Question

A disc of radius $R$ rolls without slipping on a horizontal surface with velocity $v_0$ as shown in figure. Match the entries of List-I with those of List-II. [FIGURE]

List-I: (P) Acceleration of point is zero (Q) Acceleration of point is $\frac{v_0^2}{R}$ (R) Radius of curvature of the path of point is $2\sqrt{2}R$ at given instant (S) Radius of curvature of the path of point is $4R$ at given instant

List-II: (1) Point A (2) Point B (3) Point C (4) Point D (5) Point O

• A. (P)-(5), (Q)-(1), (2), (3), (4), (R)-(2), (4), (S)-(3)
• B. (P)-(5), (Q)-(1), (R)-(2), (S)-(3)
• C. (P)-(1), (Q)-(5), (R)-(2), (S)-(3)
• D. (P)-(5), (Q)-(1), (2), (3), (4), (R)-(2), (S)-(3)

Answer 1

Answer: (A)

(P)-(5), (Q)-(1), (2), (3), (4), (R)-(2), (4), (S)-(3)

Answer 2

For a disc rolling without slipping, the velocity of the center $v_c = v_0$ and angular velocity $\omega = v_0/R$. Assuming constant $v_0$, angular acceleration $\alpha = 0$.

Velocities:

• Point O (center): $v_O = v_0$ (horizontal)
• Point A (bottom): $v_A = 0$
• Point B (left): $v_B = \sqrt{v_0^2 + (-v_0)^2} = \sqrt{2}v_0$
• Point C (top): $v_C = v_0 + \omega R = v_0 + v_0 = 2v_0$ (horizontal)
• Point D (right): $v_D = \sqrt{v_0^2 + v_0^2} = \sqrt{2}v_0$

Accelerations: The acceleration of any point P on the rim relative to the center is centripetal: $a_{P/O} = \omega^2 R = (v_0/R)^2 R = v_0^2/R$. The acceleration of the center is zero.

• Point O: $a_O = 0$ (constant velocity)
• Point A: $a_A = a_{A/O}$ (upwards) $= v_0^2/R$
• Point B: $a_B = a_{B/O}$ (rightwards) $= v_0^2/R$
• Point C: $a_C = a_{C/O}$ (downwards) $= v_0^2/R$
• Point D: $a_D = a_{D/O}$ (leftwards) $= v_0^2/R$

Radius of Curvature of Cycloid: The path of a point on the rim is a cycloid.
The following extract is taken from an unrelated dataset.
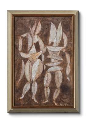 signed (lower right), oil on paper on board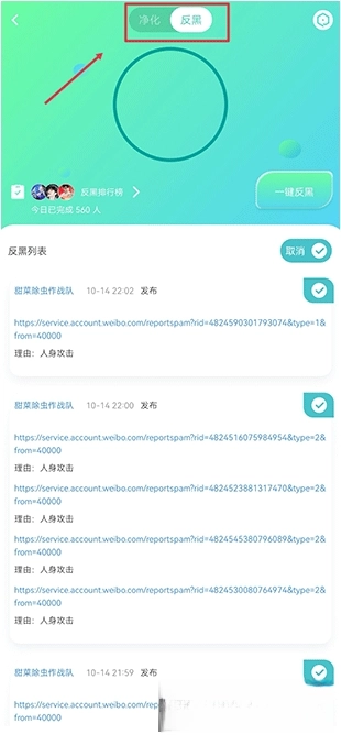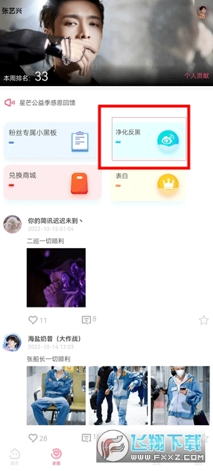 打开星芒App,在星圈界面中点击净化反黑

The radius of curvature $\rho$ is given by $\rho = 4R \sin(\theta/2)$, where $\theta$ is the angle of rotation from the lowest point.
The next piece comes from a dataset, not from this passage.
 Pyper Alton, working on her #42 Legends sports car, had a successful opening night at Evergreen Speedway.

• Point A (lowest): $\theta = 0 \implies \rho = 4R \sin(0) = 0$.
• Point D (rightmost): $\theta = \pi/2 \implies \rho = 4R \sin(\pi/4) = 4R(1/\sqrt{2}) = 2\sqrt{2}R$.
• Point C (topmost): $\theta = \pi \implies \rho = 4R \sin(\pi/2) = 4R$.
• Point B (leftmost): $\theta = 3\pi/2 \implies \rho = 4R \sin(3\pi/4) = 4R(1/\sqrt{2}) = 2\sqrt{2}R$.
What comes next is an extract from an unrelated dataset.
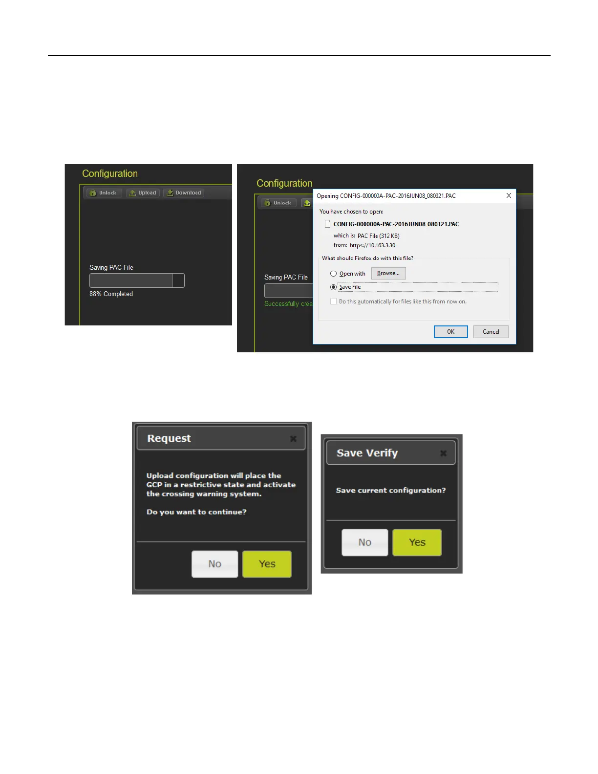 illustrated in the figure above on the left. If Yes is selected, the WebUI will ask to save the current

Matching: (P) Acceleration of point is zero: Point O (5). (Q) Acceleration of point is $\frac{v_0^2}{R}$: Points A (1), B (2), C (3), D (4). (R) Radius of curvature is $2\sqrt{2}R$: Points B (2), D (4). (S) Radius of curvature is $4R$: Point C (3).